Characterising the spatiotemporal profiles of neural object representations using implicit and explicit similarity judgement tasks
Peter Brotherwood, Université de Montréal, Canada; Simon Faghel-Soubeyrand, University of Oxford, United Kingdom; Jasper van den Bosch, Ian Charest, Université de Montréal, Canada
Session:
Posters 3B Poster
Presentation Time:
Sat, 26 Aug, 13:00 - 15:00 United Kingdom Time
Abstract:
Relating behavioural and brain data is essential for understanding how the brain identifies and distinguishes individual objects. Prior work has shown that human brain activity associated with perceived similarity is well explained by explicit behavioural similarity judgements. However the nature of such judgements cannot fully explain representational geometries observed in the visual cortex. Here, we use a combination of behavioural tasks in an attempt to identify behaviourally-relevant brain representations across the visual ventral stream. We derived behavioural representations from three tasks: an explicit multi-arrangements task, a high-level semantic labelling task, and an implicit same-different task.
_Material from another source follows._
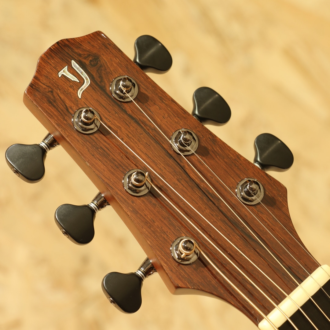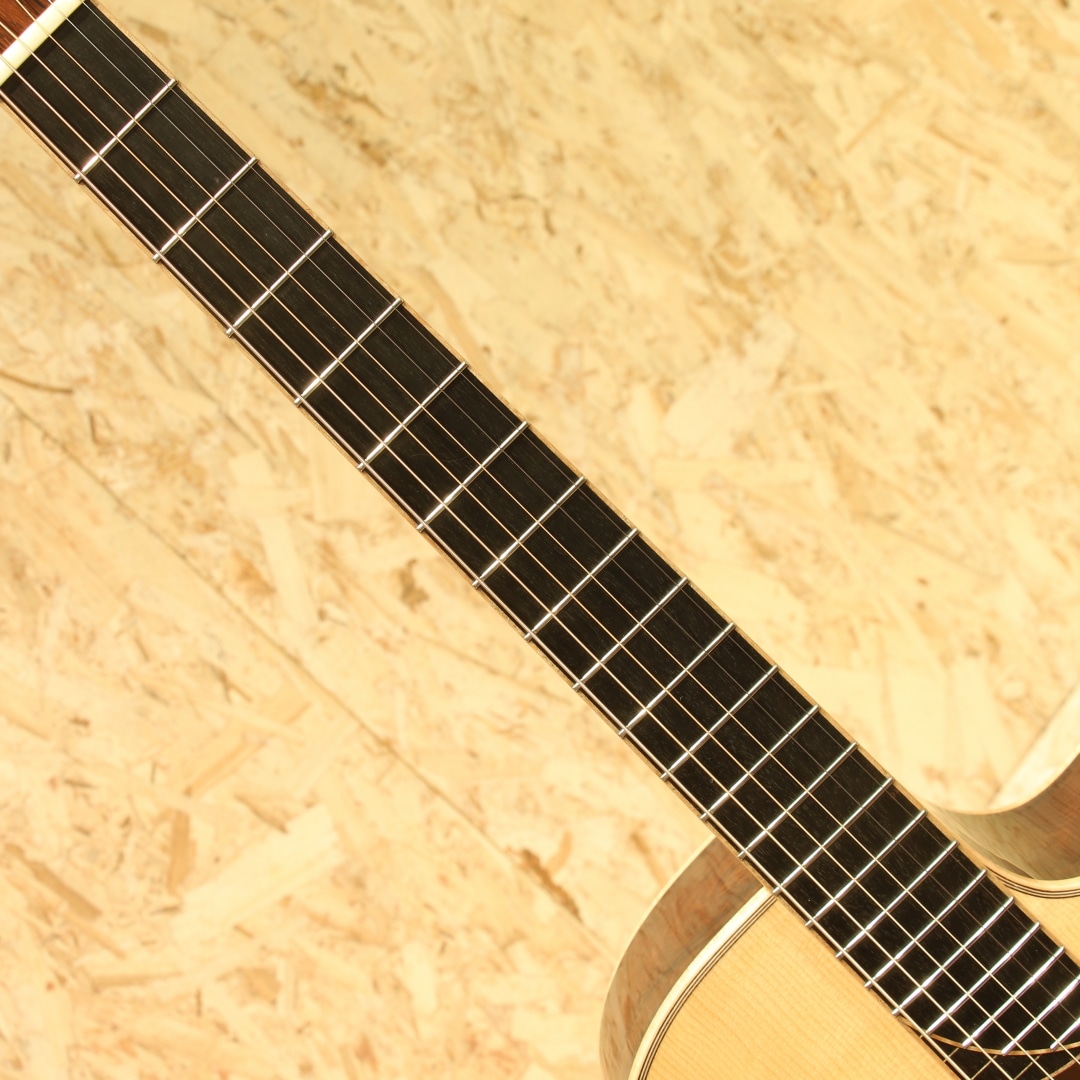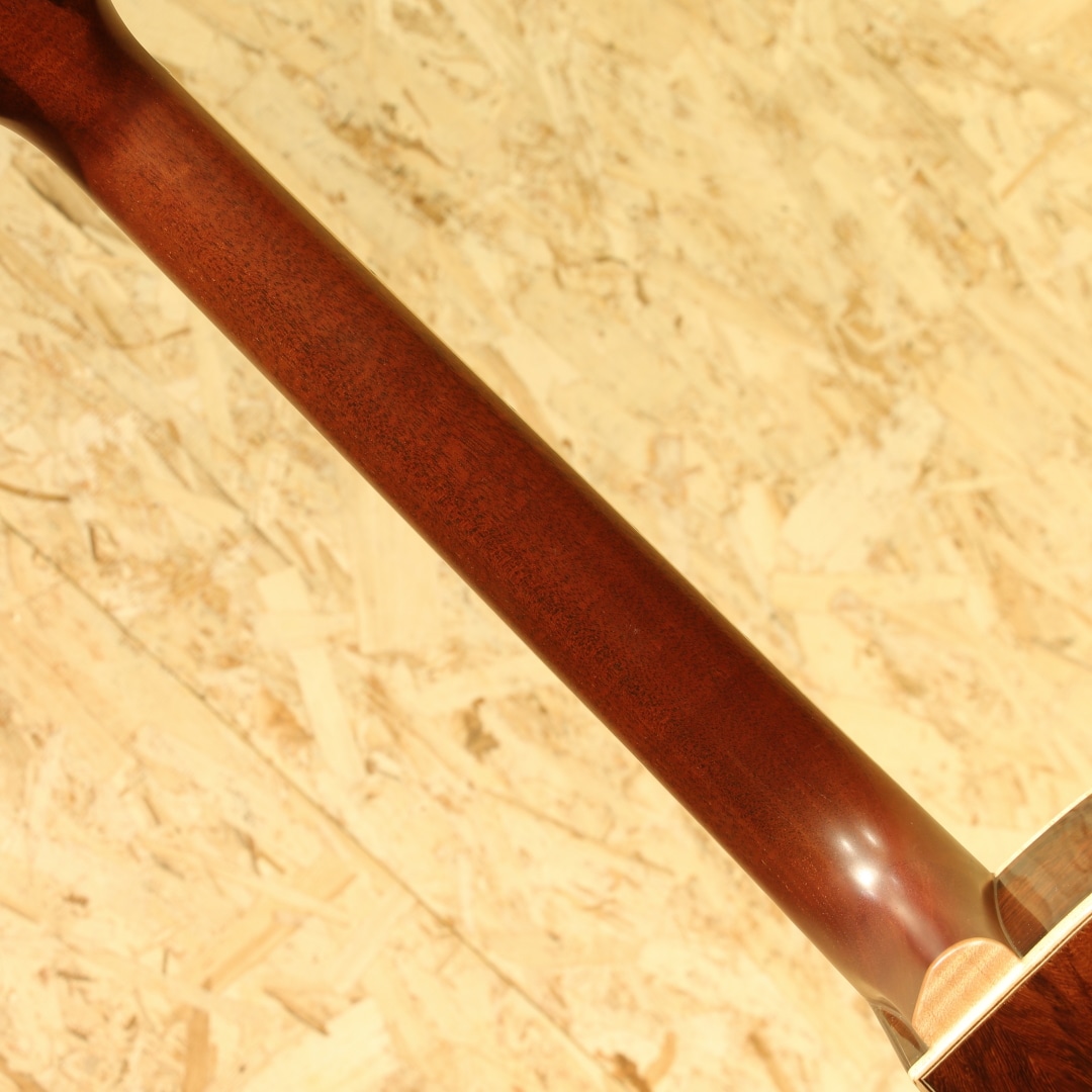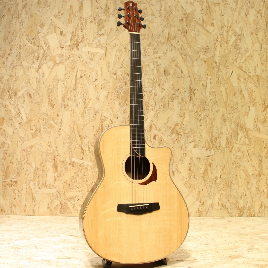某国内大手ファクトリーの手工部門を手掛けたのち、独立し長野県の工房にておよそ25年近くのキャリアを持つルシアー"横山正"氏による”Yokoyama Guitars”。本器は定番オリジナルオーディトリアムボディ、カッタウェイ仕様”AR-GMR”。2020年代製USED品です。ベアクロウ杢の入ったジャーマンスプルーストップ、マダガスカルローズウッドサイド&バック、マホガニーネック、ブラックエボニー指板&ブリッジ、ゴトー製510ブラックペグ(エボニーノブ)、ウッドトリム、アバロン&ウッドオリジナルロゼッタ、メイプルボディ&指板バインディング、オリジナルXブレイシング。フィンガースタイルで人気を博す横山ギター。木材の質感を活かしたナチュラルな外観、薄く握りやすいグリップ、抱えやすさとサウンドのバランスが取れたボディ。個性も感じられるシンプルな装飾も含め質実剛健さを感じられるギターです。ネック自体は薄平のグリップで握り込みやすく、手の自由が効きやすい仕様。ボディにはカッタウェイも搭載されているため、ポジションを問わずに上下を行き来しやすい演奏性をも確保されています。両者とも複雑な押弦や幅広いポジションを使用するフィンガースタイルには持ってこいな仕様となっております。材の選定も横山ギターらしい人気の材、フィンガースタイルや手工において多用されるジャーマンスプルースと今や貴重となったマダガスカルローズウッドの組み合わせ。ジャーマンスプルースは上品で奥ゆかしい響きを出力する材、倍音感のある音色を持ち味としています。マダガスカルローズウッドはレンジ感が広く、クリアな響きやハイの立ち方が心地よい材。メロディラインを際立たせる為には高音が抜けて欲しいため、こちらもフィンガースタイルでの演奏にはうってつけの材選定と言えるでしょう。何より音の立ち上がりが早く、音が前に出る音色作り。フィンガースタイルにおいて繊細なタッチを素早く前に出せるのは大きなメリットです。弦の輪郭もハッキリ出やすく、もたつきの無いスッキリシャープな響きや透明感を持ったクリアなサウンド。やはりフィンガースタイルプレイヤーに支持されることが多いのも頷ける仕様とサウンドを持った、個人製作家のギターです。ボディトップ面1弦側下部に塗装時に僅か塗装が垂れたような跡が見られますが、手触り上凹凸などの違和感はなく光にかざすと分かる程度で使用上問題はございません。その他ボディトップ面カッタウェイ箇所にこちらも光にかざすと分かる程度の薄い当てキズ、ボディトップ面ボトム箇所に2カ所薄い当てキズやボディバック面の薄い擦れキズ等見られますが、全体を通して使用感の薄い状態をキープされている本器。ネック周りは抜群の状態を保たれ、フィンガースタイルの拘りに応じられるポテンシャルを持った1本です。メーカー勤務経験もあるため手掛けてきた数が非常に多い横山氏。蓄積されてきた経験値は言わずもがな、モーリスはフィンガーピッキング向けのギターを製作している等ノウハウも持っている個人製作家です。完全ハンドメイドの手工系でかつ名のあるルシアーの個体としてもコスパの高い一品。造りと音の美しさをぜひお手元でお確かめ下さい。

We investigate the spatiotemporal neural profiles of these behavioural representations by comparing behavioural representations with fMRI and EEG recordings using representational similarity analysis (RSA). All three task representations correlated highly with neural activity in anterior regions of the ventral stream at time points associated with late stage visual processing. Additionally, the same-different task exhibited high correlations propagating throughout the ventral stream in more posterior regions, as well as at earlier time points. These results highlight the importance of using implicit similarity judgements to complement the neural information explained by higher-level, conscious similarity judgements.